[Provided entries]
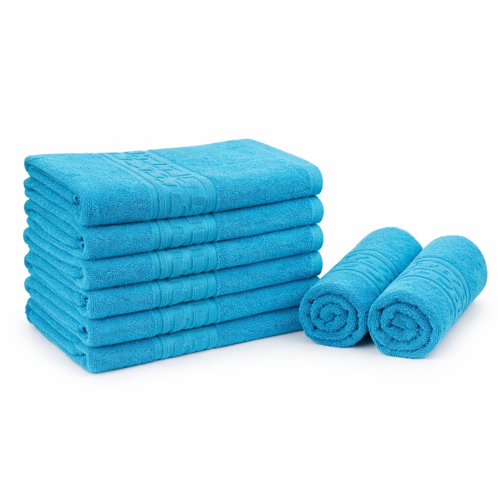 Set 8 prosoape mici 30x50cm, din 100% bumbac pakistanez, 400g, Line, Turquoise
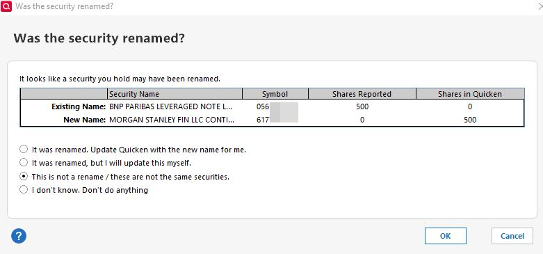 Below is one of several MLN accounts. Quicken frequently thinks I need to fix this. They don't even have close to similar names or CUSIP/symbol. [Removed-Rant]
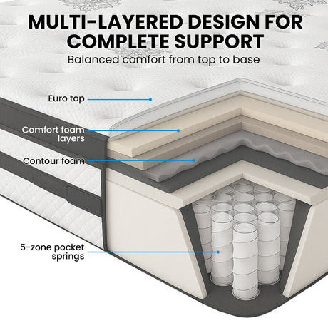KINGSTON SLUMBER Luxury 34cm Double Mattress, Medium Firm, Euro Top, 5-Zone Pocket Spring Foam
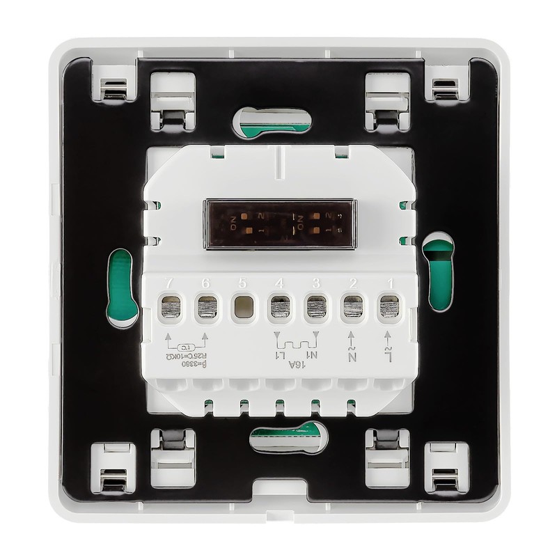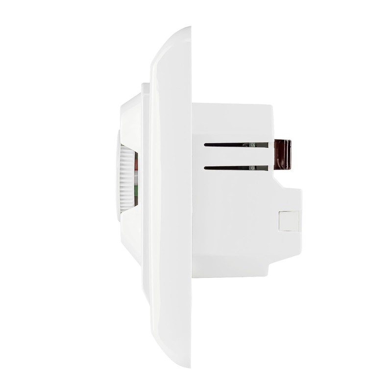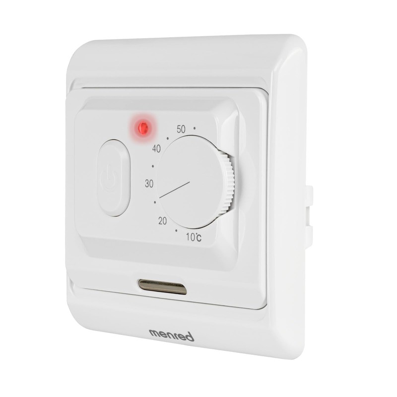 - White thermostat regulator for flush-mounted mounting in standard wall sockets. Room controller can be adjusted the floor and room temperature in a range of 5-55 °C
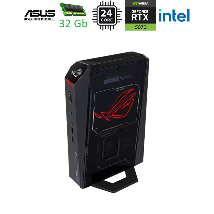ROG NUC (2025) — ультракомпактний ігровий ПК об'ємом лише 3 л, що поєднує потужність флагманських компонентів із продуманим охолодженням та надійним корпусом. Оснащений процесором Intel Core Ultra 9 275HX із 24 ядрами і 24 потоками, базовою частотою 2.1 ГГц та Boost до 5.4 ГГц, він забезпечує неймовірну швидкість для найвимогливіших ігор та ресурсоємних завдань. Графічна потужність від NVIDIA GeForce RTX 5070 Laptop GPU з 8 ГБ відеопам'яті гарантує живописну та плавну графіку в динамічних ігрових сценаріях, підтримуючи VR-технології для повного занурення у віртуальну реальність. Підтримка до чотирьох 4K-дисплеїв відкриває нові сценарії роботи та стримінгу.
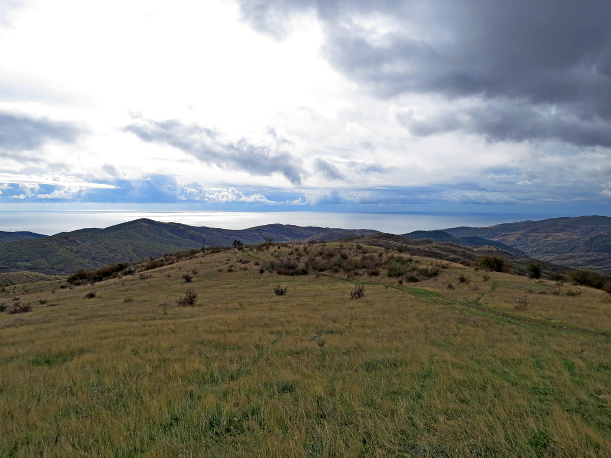 Так потихоньку, между грибов и ягод, мы поднялись на шикарную смотровую площадку, на хребте Хырылмыш- Даг. Это место мы уже знаем. Поднимались из Зеленогорья. Наша дорога туда и направляется. В одном из своих рассказов, я показывала те мощные подпорные стенки и саму дорогу, плавно идущую по склонам балки. Поднялись на пригорок, чтобы посмотреть вокруг. Миша и Татьяна, снова увлеклись поисками грибов. Ну, а с Виктором, как обычно — фотками. Теперь противоположный борт ущелья почти весь вместился с горами. Долго я выучивала эти вершины! Зато теперь могу махать руками и говорить названия. Все они выше 1000 метров. За ними находиться яйла Караби. И именно оттуда сейчас кусками, через перевал, ветер кидается в нас облаками и моросью. В другую сторону, горы Зеленогорья. Гордый Построфиль, стоит и дразнится своими завитками. Ну, не поднялась я на тебя. Зато была на Сори, которая выше! Давно мы тут не были. Скучаешь даже за знакомыми видами. Когда-то эти пики были для меня не досягаемы
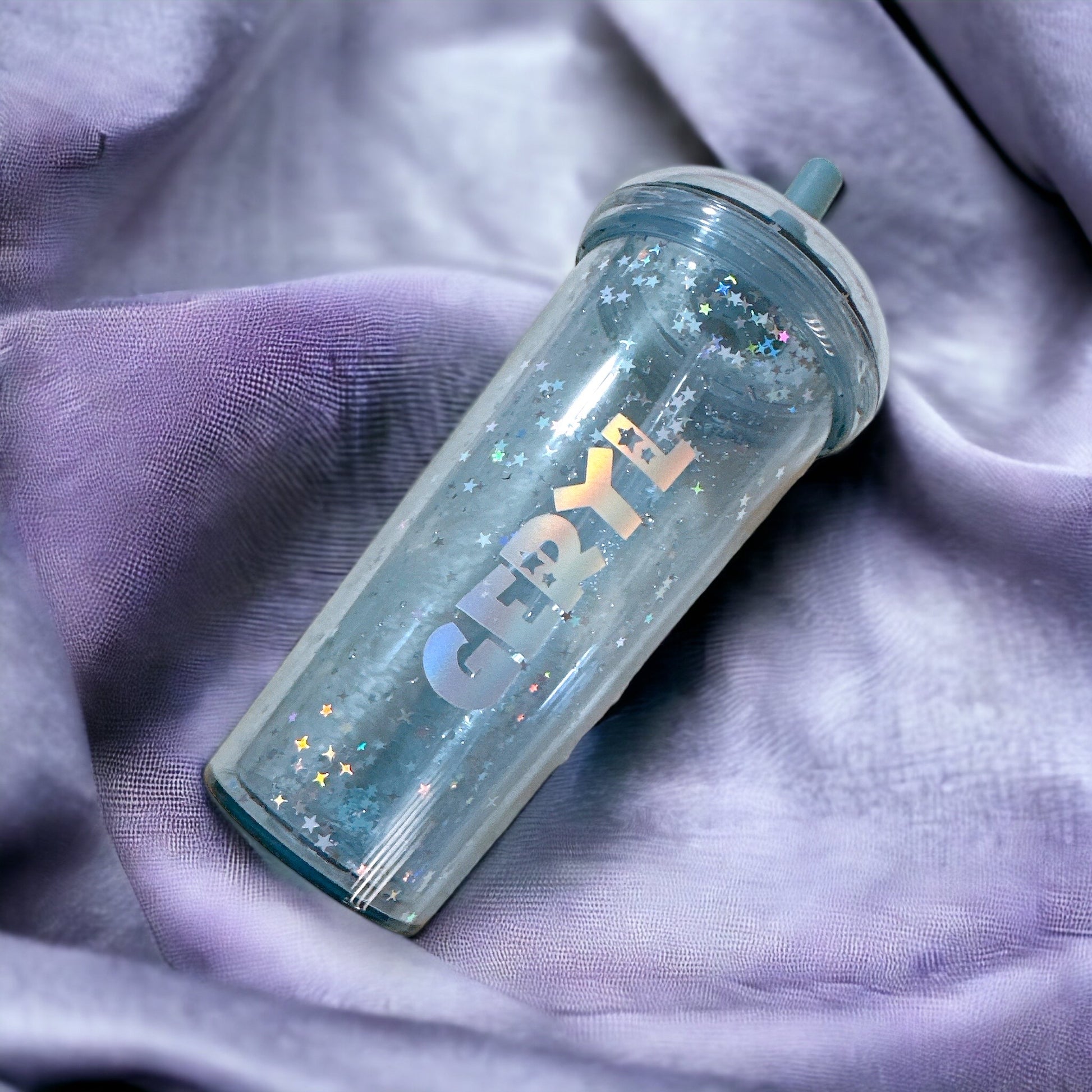 Sparkling double wall straw tumbler with lotsa mini stars that lets you standout from the crowd!
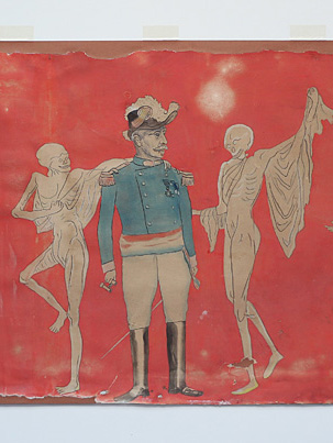 Albert Boudon-Lashermes est un érudit local du Puy et du Velay. La danse macabre représente les caricatures de personnes qui ont existé - des militaires, un poète, un facteur, un curé… Même Albert Boudon s’est représenté sur la souche de son arbre généalogique qui tombe en morceaux. Il reste un travail iconographique à réaliser pour savoir qui est représenté. Cette frise étant inspirée par la Danse macabre de La Chaise-Dieu, Il y a sans doute des parallèles à faire. "Enfin, les vêtements sont suffisamment bien dessinés pour appuyer une note vestimentaire ; on peut aussi faire des recherches sur le papier à la molette des Papeteries Canson et Montgolfier toutes proches", conclut le restaurateur.
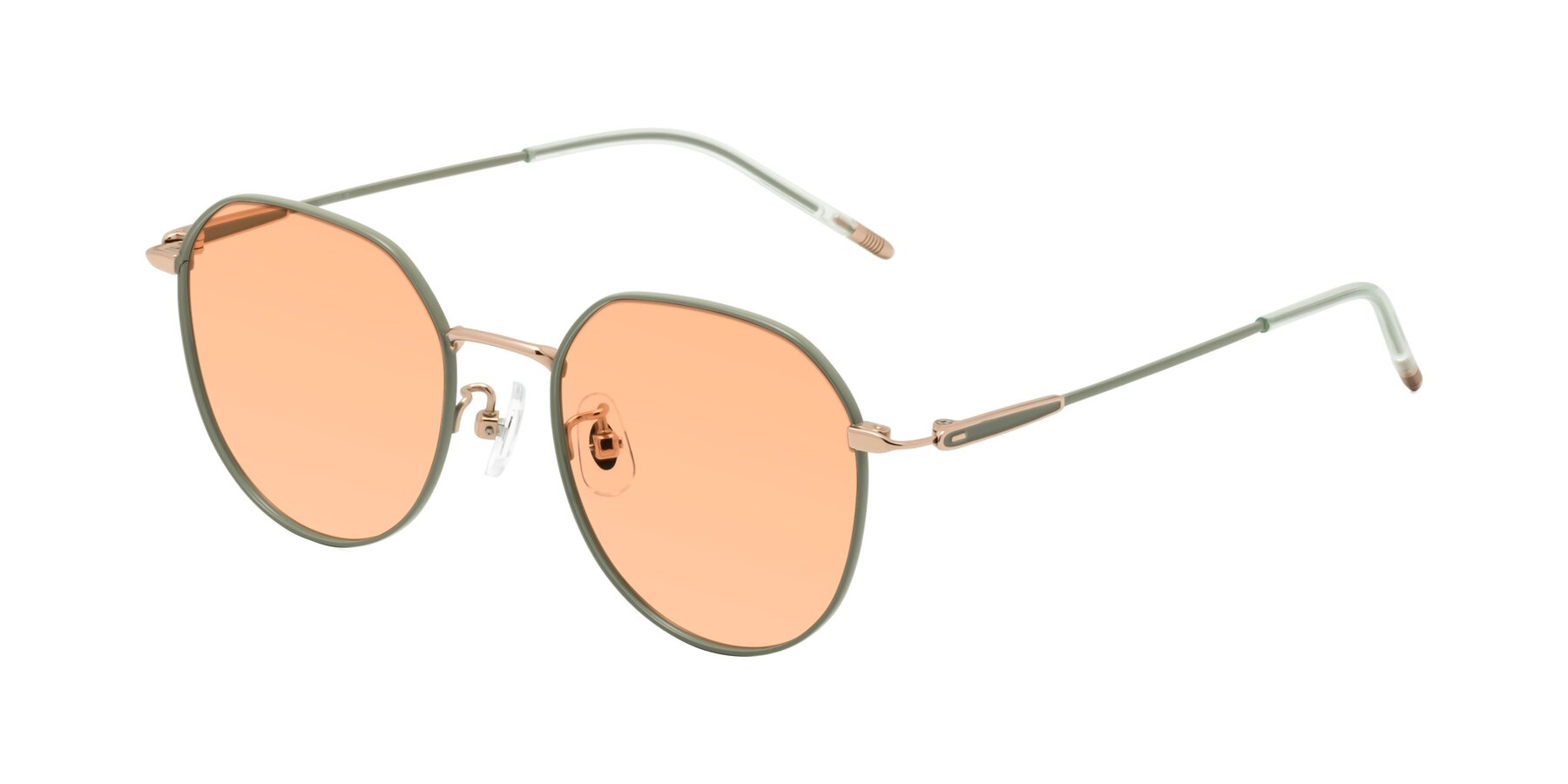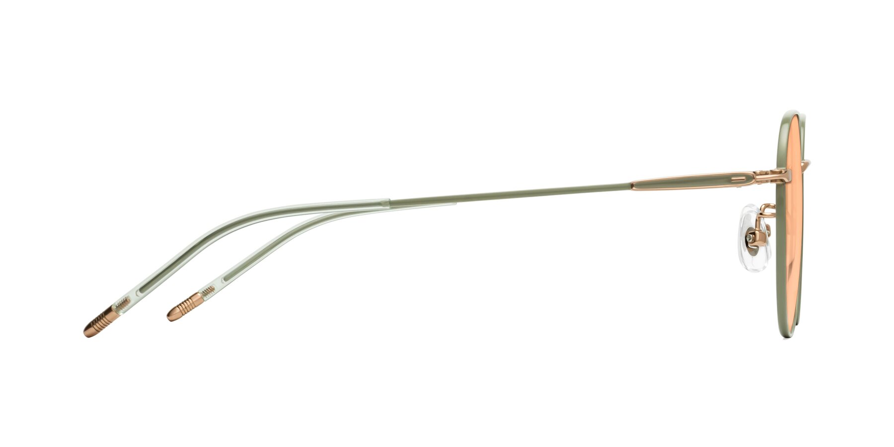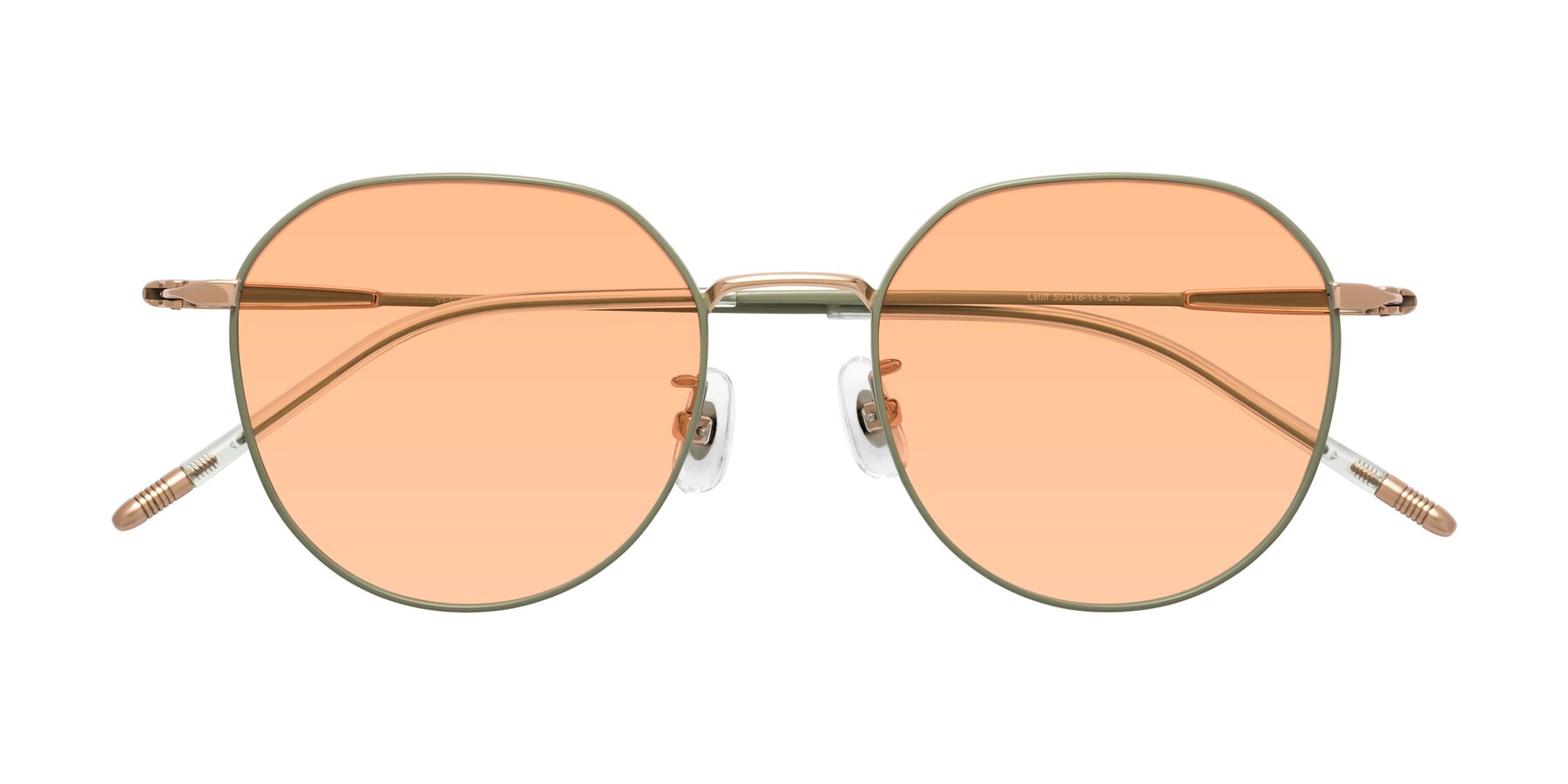 Dusty Olive Titanium Round Geometric Tinted Sunglasses with Light Orange Sunwear Lenses

[Assignment]
What is needed is the whole listing again, exactly as written, with the images left out.

[Solution]
 Set 8 prosoape mici 30x50cm, din 100% bumbac pakistanez, 400g, Line, Turquoise
 Below is one of several MLN accounts. Quicken frequently thinks I need to fix this. They don't even have close to similar names or CUSIP/symbol. [Removed-Rant]
KINGSTON SLUMBER Luxury 34cm Double Mattress, Medium Firm, Euro Top, 5-Zone Pocket Spring Foam
 - White thermostat regulator for flush-mounted mounting in standard wall sockets. Room controller can be adjusted the floor and room temperature in a range of 5-55 °C
ROG NUC (2025) — ультракомпактний ігровий ПК об'ємом лише 3 л, що поєднує потужність флагманських компонентів із продуманим охолодженням та надійним корпусом. Оснащений процесором Intel Core Ultra 9 275HX із 24 ядрами і 24 потоками, базовою частотою 2.1 ГГц та Boost до 5.4 ГГц, він забезпечує неймовірну швидкість для найвимогливіших ігор та ресурсоємних завдань. Графічна потужність від NVIDIA GeForce RTX 5070 Laptop GPU з 8 ГБ відеопам'яті гарантує живописну та плавну графіку в динамічних ігрових сценаріях, підтримуючи VR-технології для повного занурення у віртуальну реальність. Підтримка до чотирьох 4K-дисплеїв відкриває нові сценарії роботи та стримінгу.
 Так потихоньку, между грибов и ягод, мы поднялись на шикарную смотровую площадку, на хребте Хырылмыш- Даг. Это место мы уже знаем. Поднимались из Зеленогорья. Наша дорога туда и направляется. В одном из своих рассказов, я показывала те мощные подпорные стенки и саму дорогу, плавно идущую по склонам балки. Поднялись на пригорок, чтобы посмотреть вокруг. Миша и Татьяна, снова увлеклись поисками грибов. Ну, а с Виктором, как обычно — фотками. Теперь противоположный борт ущелья почти весь вместился с горами. Долго я выучивала эти вершины! Зато теперь могу махать руками и говорить названия. Все они выше 1000 метров. За ними находиться яйла Караби. И именно оттуда сейчас кусками, через перевал, ветер кидается в нас облаками и моросью. В другую сторону, горы Зеленогорья. Гордый Построфиль, стоит и дразнится своими завитками. Ну, не поднялась я на тебя. Зато была на Сори, которая выше! Давно мы тут не были. Скучаешь даже за знакомыми видами. Когда-то эти пики были для меня не досягаемы
 Sparkling double wall straw tumbler with lotsa mini stars that lets you standout from the crowd!
 Albert Boudon-Lashermes est un érudit local du Puy et du Velay. La danse macabre représente les caricatures de personnes qui ont existé - des militaires, un poète, un facteur, un curé… Même Albert Boudon s’est représenté sur la souche de son arbre généalogique qui tombe en morceaux. Il reste un travail iconographique à réaliser pour savoir qui est représenté. Cette frise étant inspirée par la Danse macabre de La Chaise-Dieu, Il y a sans doute des parallèles à faire. "Enfin, les vêtements sont suffisamment bien dessinés pour appuyer une note vestimentaire ; on peut aussi faire des recherches sur le papier à la molette des Papeteries Canson et Montgolfier toutes proches", conclut le restaurateur.
 Dusty Olive Titanium Round Geometric Tinted Sunglasses with Light Orange Sunwear Lenses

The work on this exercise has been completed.